▶ [Extracted entries]:
··········
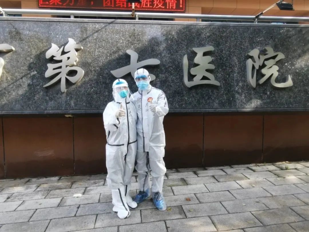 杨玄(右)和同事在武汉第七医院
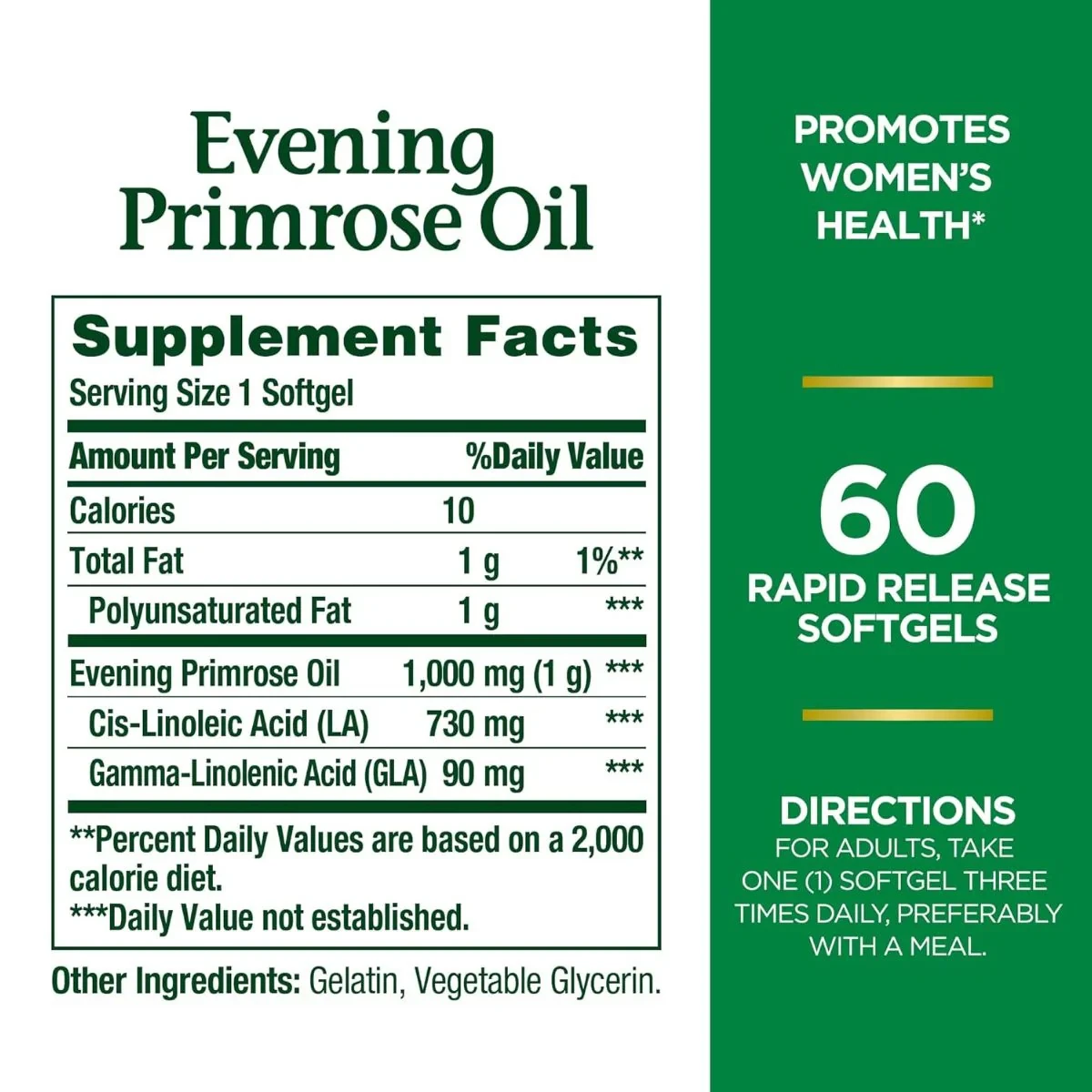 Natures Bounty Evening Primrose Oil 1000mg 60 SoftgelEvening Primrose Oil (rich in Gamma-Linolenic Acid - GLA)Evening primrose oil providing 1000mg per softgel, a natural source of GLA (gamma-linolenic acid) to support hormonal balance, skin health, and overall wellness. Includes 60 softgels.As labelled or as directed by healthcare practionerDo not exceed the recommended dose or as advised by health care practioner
··········
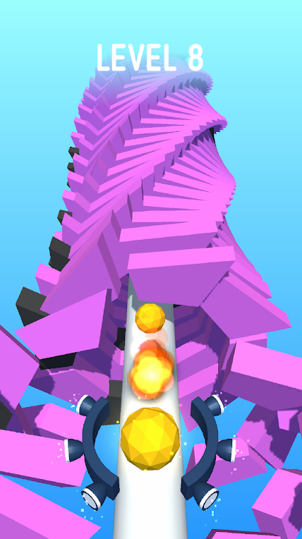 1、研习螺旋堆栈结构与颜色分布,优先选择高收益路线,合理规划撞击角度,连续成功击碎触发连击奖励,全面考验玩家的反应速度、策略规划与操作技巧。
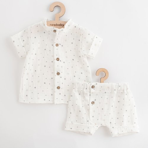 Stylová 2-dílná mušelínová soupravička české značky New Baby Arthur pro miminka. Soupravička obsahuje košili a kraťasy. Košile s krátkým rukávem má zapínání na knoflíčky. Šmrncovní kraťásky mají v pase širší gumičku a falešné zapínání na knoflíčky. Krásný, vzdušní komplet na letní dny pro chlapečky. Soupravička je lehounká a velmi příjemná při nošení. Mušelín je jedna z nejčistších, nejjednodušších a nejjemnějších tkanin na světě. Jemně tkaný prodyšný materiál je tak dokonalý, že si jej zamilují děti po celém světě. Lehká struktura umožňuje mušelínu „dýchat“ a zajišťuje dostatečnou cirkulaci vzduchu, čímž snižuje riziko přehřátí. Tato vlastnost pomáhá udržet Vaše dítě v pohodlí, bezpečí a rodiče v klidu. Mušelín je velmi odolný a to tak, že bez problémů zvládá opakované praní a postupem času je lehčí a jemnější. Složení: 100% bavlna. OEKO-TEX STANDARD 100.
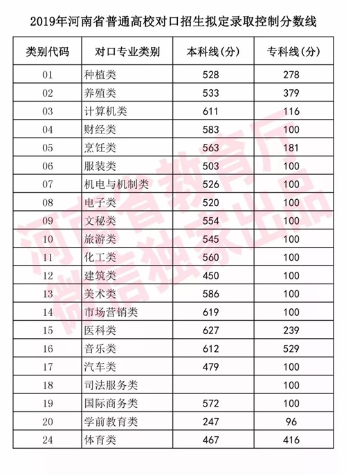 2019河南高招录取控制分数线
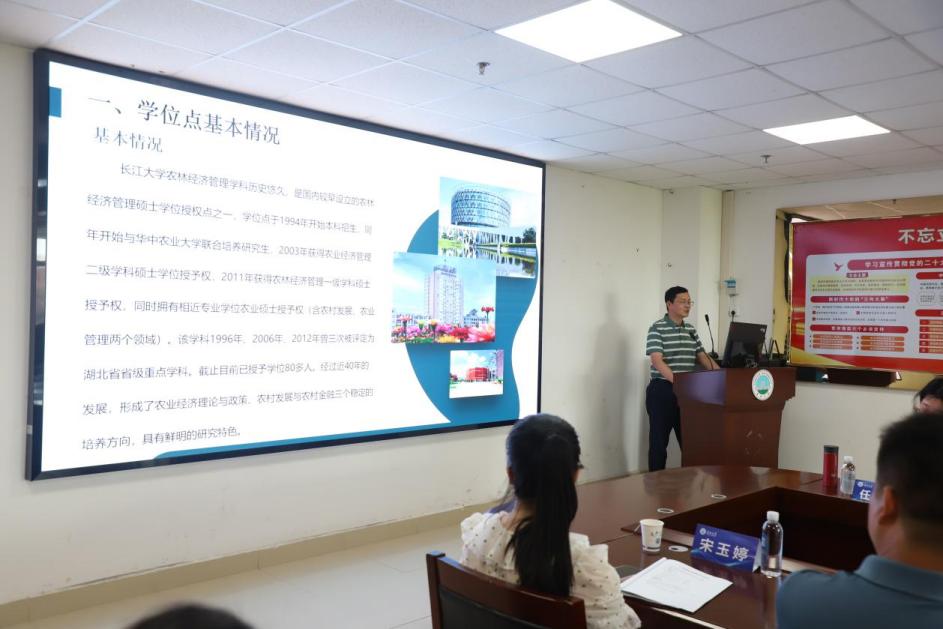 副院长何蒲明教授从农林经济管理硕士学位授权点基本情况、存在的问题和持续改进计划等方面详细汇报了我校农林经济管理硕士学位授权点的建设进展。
··········
▶ [Your assignment]: Write out exactly the lines above between the one with "杨玄(右)和同事在武汉第七医院" and the one with "Natures Bounty Evening", inclusive, with pictures left out.

▶ [Written answer]:
 杨玄(右)和同事在武汉第七医院
 Natures Bounty Evening Primrose Oil 1000mg 60 SoftgelEvening Primrose Oil (rich in Gamma-Linolenic Acid - GLA)Evening primrose oil providing 1000mg per softgel, a natural source of GLA (gamma-linolenic acid) to support hormonal balance, skin health, and overall wellness. Includes 60 softgels.As labelled or as directed by healthcare practionerDo not exceed the recommended dose or as advised by health care practioner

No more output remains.